Database block size:                  32768
Blocks per segment of large relation: 65536
WAL block size:                       65536
Bytes per WAL segment:                33554432

the diff I change the omnipitr/lib/OmniPITR/Program/Backup/Slave.pm is:

*** Slave.pm    2015-01-30 12:10:33.000000000 +0800
--- Slave.pm.new        2015-01-30 12:09:21.427151573 +0800
***************
*** 373,378 ****
--- 373,379 ----

      my ( $part_1, $part_2, $min_xlog ) = ( $1, $2, $3 );
      $part_2 =~ s/(.{1,6})\z//;
+     $part_2 = sprintf '%X', hex("$part_2")/2;
      my $part_3 = $1;

      $self->{ 'meta' }->{ 'xlog-min' } = $min_xlog;
***************
*** 455,460 ****
--- 456,462 ----
      my ( $series, $offset ) = split m{/}, $location;

      $offset =~ s/.{0,6}$//;
+     $offset = sprintf '%X', hex("$offset")/2;

      my $location_filename = sprintf '%08s%08s%08s', $timeline, $series, $offset;

Answer 12 · 2015-01-30T05:37:35.000Z

Sorry, but I don't think I'll "fix" it. The simple reason is that I'm very unsure about potential ramifications of changing xlog size. While you definitely had your reasons to pick such thing, I don't think these are generally applicable.
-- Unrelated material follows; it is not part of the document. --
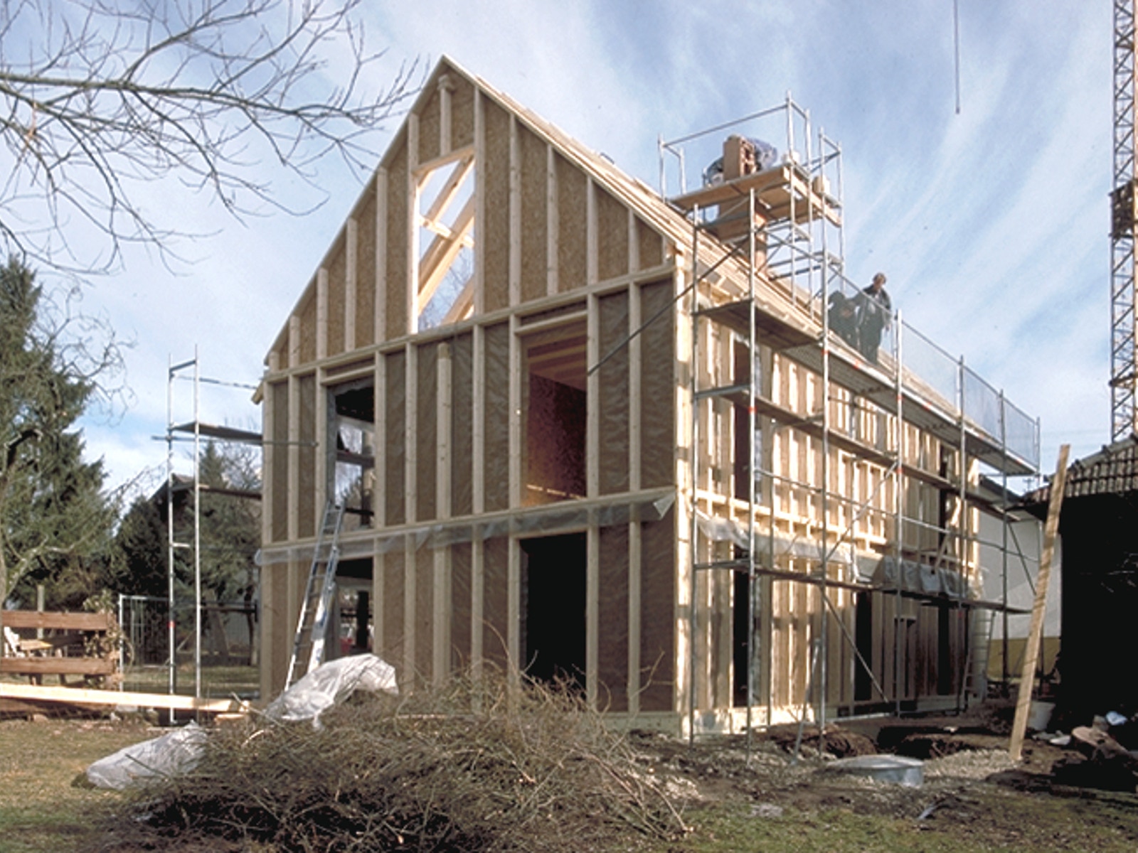 Die Grundkonstruktion wurde als Holzständerbau individuell entworfen und konnte aufgrund der einfachen Geometrie in der Werkstatt vorgefertigt und innerhalb kürzester Zeit aufgestellt werden.

And since you have to support your own fork/configuration/build of PostgreSQL anyway, I think it's only logical to modify OmniPITR to work with such modified PostgreSQL on your end.

Answer 13 · 2015-01-30T05:59:26.000Z

Given the problem happens only in custom, modified, builds of PostgreSQL, I don't think it's good idea to patch OmniPITR to handle it.
Making fork, with this patch applied seems to be simple enough.